Star Trek Roleplaying Game
- Star Trek Roleplaying Game Player's Guide cover
- Designers: Matthew Colville, Kenneth Hite, Ross S. Isaacs, Steven S. Long, Don Mappin, Christian Moore & Owen Seyler
- Publishers: Decipher, Inc.
- Publication: 2002
- Genres: Science fiction (Star Trek)
- Systems: CODA System

= Star Trek Roleplaying Game (Decipher) =

Tabletop role-playing game

Star Trek Roleplaying Game is a role-playing game (RPG) set in the Star Trek universe using the CODA System rules and first published by Decipher, Inc. in 2002. When Decipher acquired the rights to create the RPG, they also acquired most of the gaming studio from Last Unicorn Games. However, the Decipher game system is dissimilar to the one that Last Unicorn published.
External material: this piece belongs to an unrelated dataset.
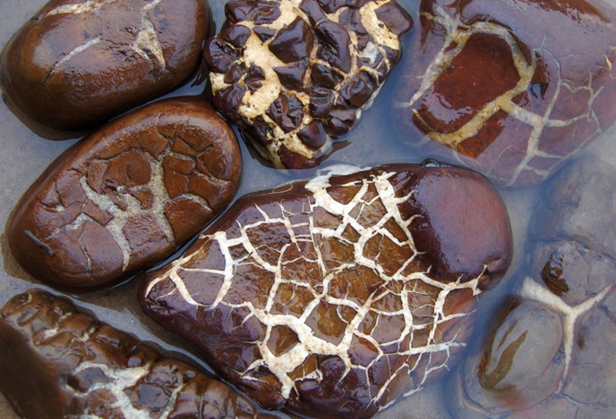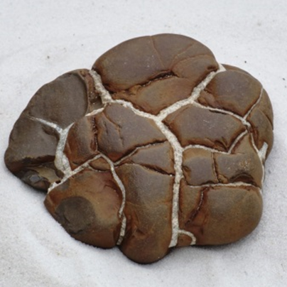 Interesting how they formed; around 50 million years ago, iron-rich mud and clay formed over a shallow ocean floor that covered much of Michigan and other territories of the USA.  At some point, the water receded drying out the muddy substrate giving way to cracks and fissures. Later, calcite infiltrated the open veins via ground water and gradually filled them in. Then some time after that, pieces broke apart most likely caused by the ice glaciers that scraped and ripped the bedrock. Geologist now identify the rock pieces as Septarian Stones or Septarian Brown Stones.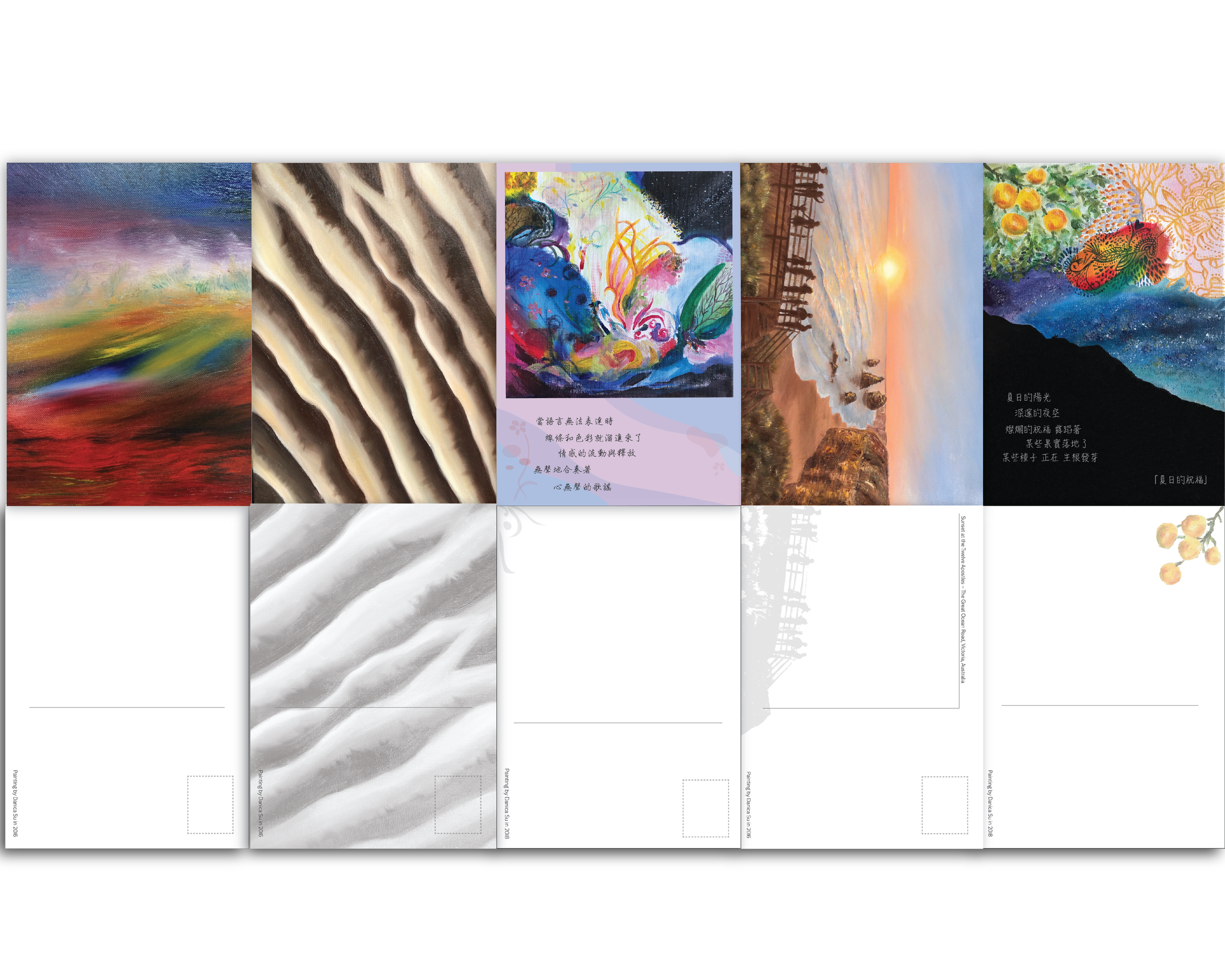 During my time volunteering as a teacher in Taiwan, I made my paintings into post cards as part of the gifts for the teachers. Some of them were paired with a short poetry I wrote in Chinese.

Instead, the system is similar to Wizards of the Coast's d20 System but uses 2D6 to resolve actions.

==Materials==
Books released for the game include:

- Book 1: Star Trek Roleplaying Game: Player's Guide (2002) - The bookcover, illustrated by Kieran Yanner, shows the various notable starship captains (see image at right).
- Book 2: Star Trek Roleplaying Game Narrator's Guide (2002)
- Book 3: Starfleet Operations Manual (2003)
- Book 4: Starships (2003)
- Book 5: Aliens (2003)
- Book 6: Creatures (2003)
- Supplement: Star Trek Narrator's Screen (2003)
- Worlds (PDF only, 2005)
- Mirror Universe: Through a Glass Darkly (PDF only, 2005)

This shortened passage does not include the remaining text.